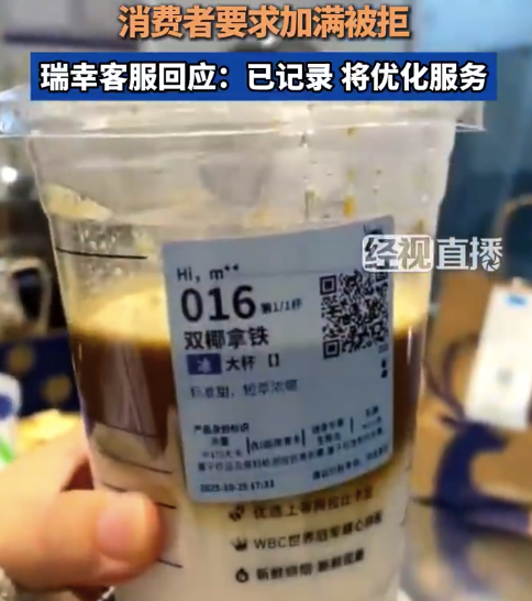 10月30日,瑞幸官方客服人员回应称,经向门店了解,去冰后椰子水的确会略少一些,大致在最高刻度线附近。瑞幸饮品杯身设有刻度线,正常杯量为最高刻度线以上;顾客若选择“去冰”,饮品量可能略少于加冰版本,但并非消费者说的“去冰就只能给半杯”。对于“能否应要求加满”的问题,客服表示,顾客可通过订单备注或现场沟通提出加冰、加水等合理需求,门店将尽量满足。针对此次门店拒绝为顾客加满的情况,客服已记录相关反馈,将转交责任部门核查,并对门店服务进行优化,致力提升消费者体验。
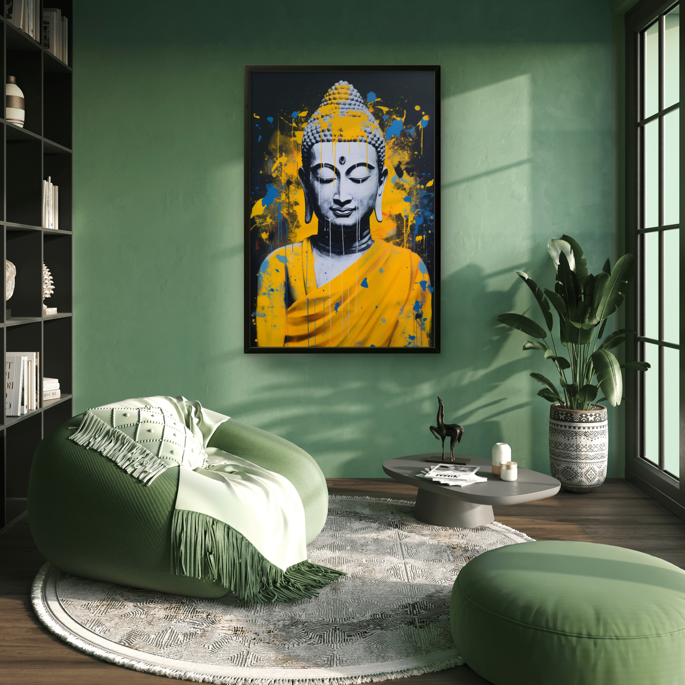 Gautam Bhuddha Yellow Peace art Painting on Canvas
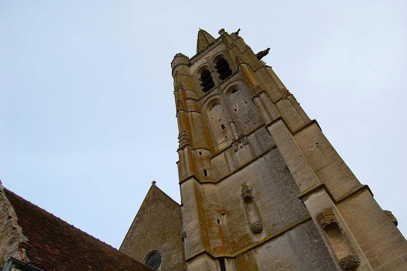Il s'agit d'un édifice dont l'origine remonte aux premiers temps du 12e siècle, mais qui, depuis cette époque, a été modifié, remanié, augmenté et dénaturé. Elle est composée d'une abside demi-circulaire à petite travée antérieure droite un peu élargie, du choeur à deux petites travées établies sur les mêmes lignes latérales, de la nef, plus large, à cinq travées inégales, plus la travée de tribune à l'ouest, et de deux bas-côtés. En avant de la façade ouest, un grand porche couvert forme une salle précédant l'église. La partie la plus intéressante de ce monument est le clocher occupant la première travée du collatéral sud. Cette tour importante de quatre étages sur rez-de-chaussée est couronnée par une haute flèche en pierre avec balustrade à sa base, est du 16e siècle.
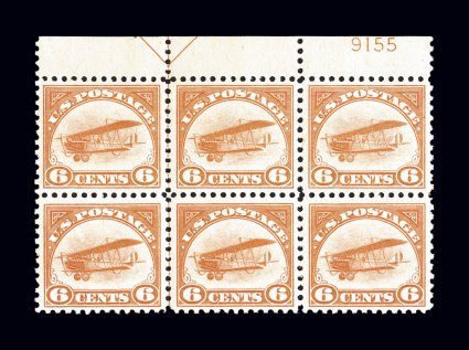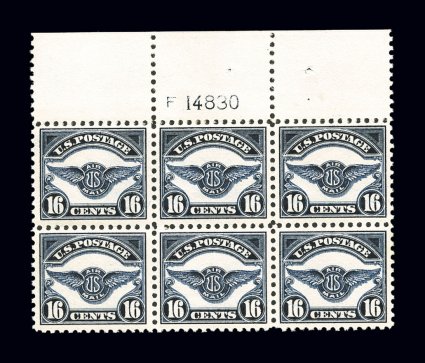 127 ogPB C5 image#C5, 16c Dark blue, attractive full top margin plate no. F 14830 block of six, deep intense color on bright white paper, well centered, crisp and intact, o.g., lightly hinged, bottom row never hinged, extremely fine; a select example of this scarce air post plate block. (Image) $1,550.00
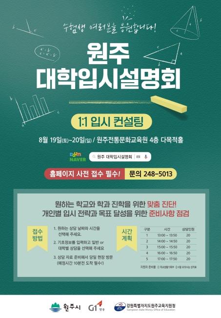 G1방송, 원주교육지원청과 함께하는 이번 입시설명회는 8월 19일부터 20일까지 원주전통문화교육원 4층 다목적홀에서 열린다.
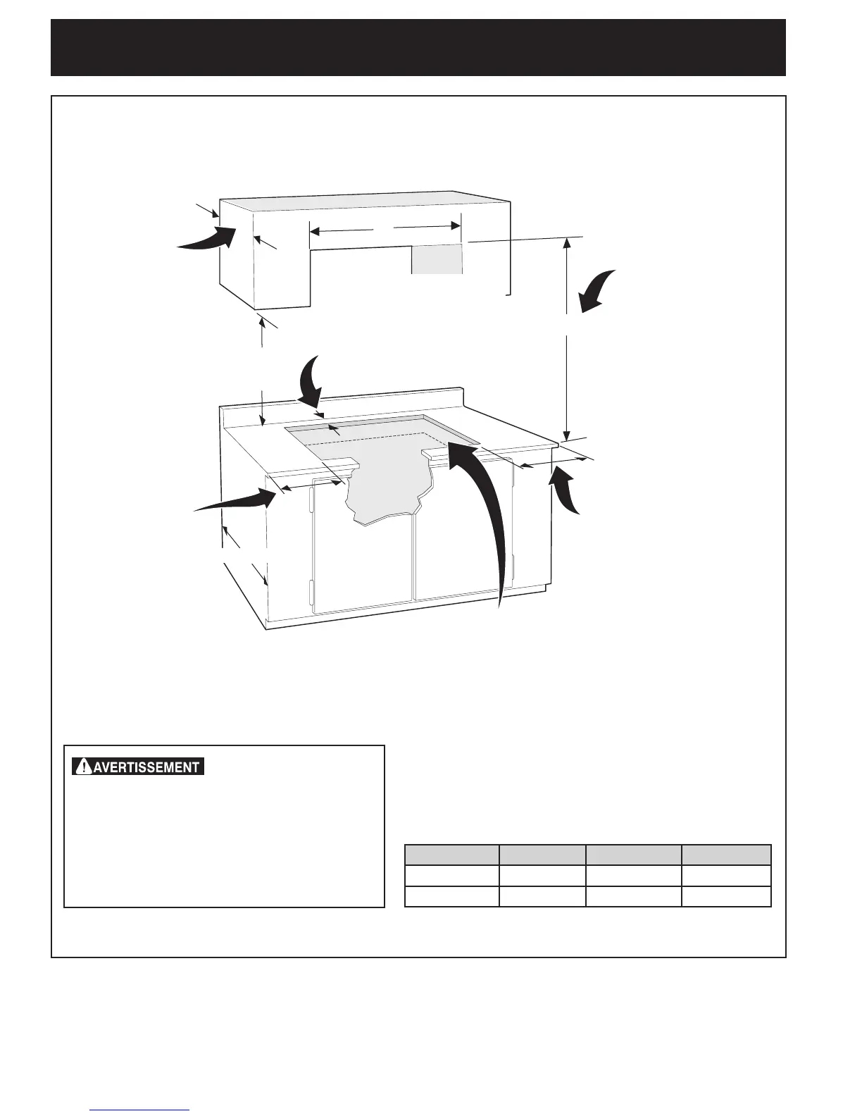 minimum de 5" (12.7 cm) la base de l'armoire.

...

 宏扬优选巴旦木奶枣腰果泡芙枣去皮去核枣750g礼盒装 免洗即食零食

--

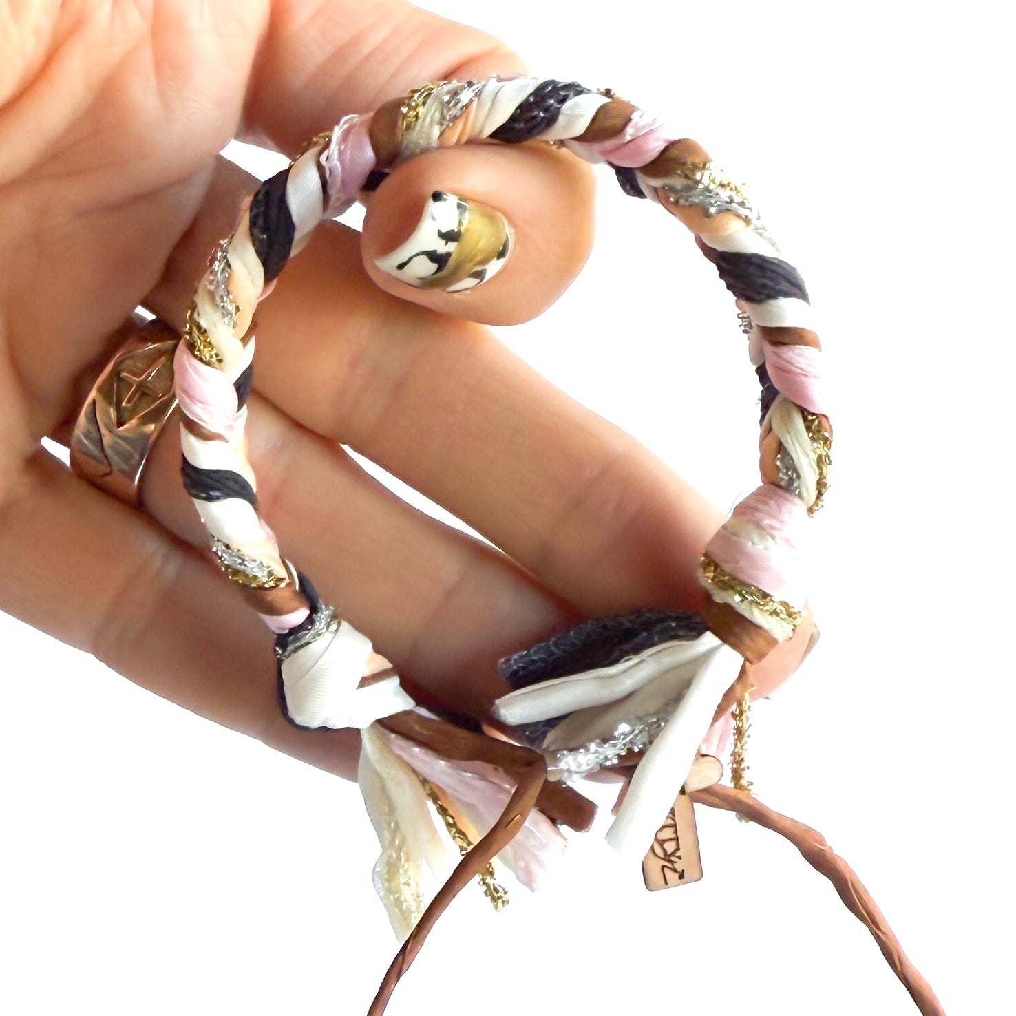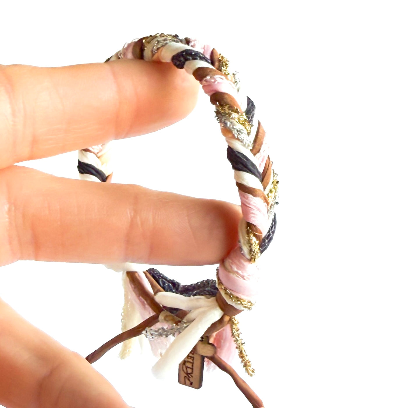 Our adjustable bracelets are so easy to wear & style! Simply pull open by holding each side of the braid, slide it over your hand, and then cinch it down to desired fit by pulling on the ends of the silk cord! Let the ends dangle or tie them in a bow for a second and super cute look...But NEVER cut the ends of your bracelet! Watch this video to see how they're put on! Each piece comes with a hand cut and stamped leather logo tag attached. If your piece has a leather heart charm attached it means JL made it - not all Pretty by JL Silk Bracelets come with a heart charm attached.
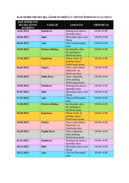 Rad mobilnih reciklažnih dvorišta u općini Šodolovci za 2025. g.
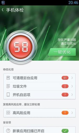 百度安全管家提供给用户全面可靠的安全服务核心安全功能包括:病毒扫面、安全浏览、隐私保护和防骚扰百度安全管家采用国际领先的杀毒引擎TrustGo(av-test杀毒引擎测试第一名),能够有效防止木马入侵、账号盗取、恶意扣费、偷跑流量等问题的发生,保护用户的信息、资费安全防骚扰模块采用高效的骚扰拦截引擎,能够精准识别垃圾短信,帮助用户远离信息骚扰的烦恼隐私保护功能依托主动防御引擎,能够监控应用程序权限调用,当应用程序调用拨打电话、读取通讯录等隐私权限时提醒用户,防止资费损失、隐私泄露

## What the task asks:
In the material above, the stretch from the line with "127 ogPB C5" through the line with "base de l'armoire." is to be given again exactly, minus the pictures.

## Solution to this task:
 127 ogPB C5 image#C5, 16c Dark blue, attractive full top margin plate no. F 14830 block of six, deep intense color on bright white paper, well centered, crisp and intact, o.g., lightly hinged, bottom row never hinged, extremely fine; a select example of this scarce air post plate block. (Image) $1,550.00
 G1방송, 원주교육지원청과 함께하는 이번 입시설명회는 8월 19일부터 20일까지 원주전통문화교육원 4층 다목적홀에서 열린다.
 minimum de 5" (12.7 cm) la base de l'armoire.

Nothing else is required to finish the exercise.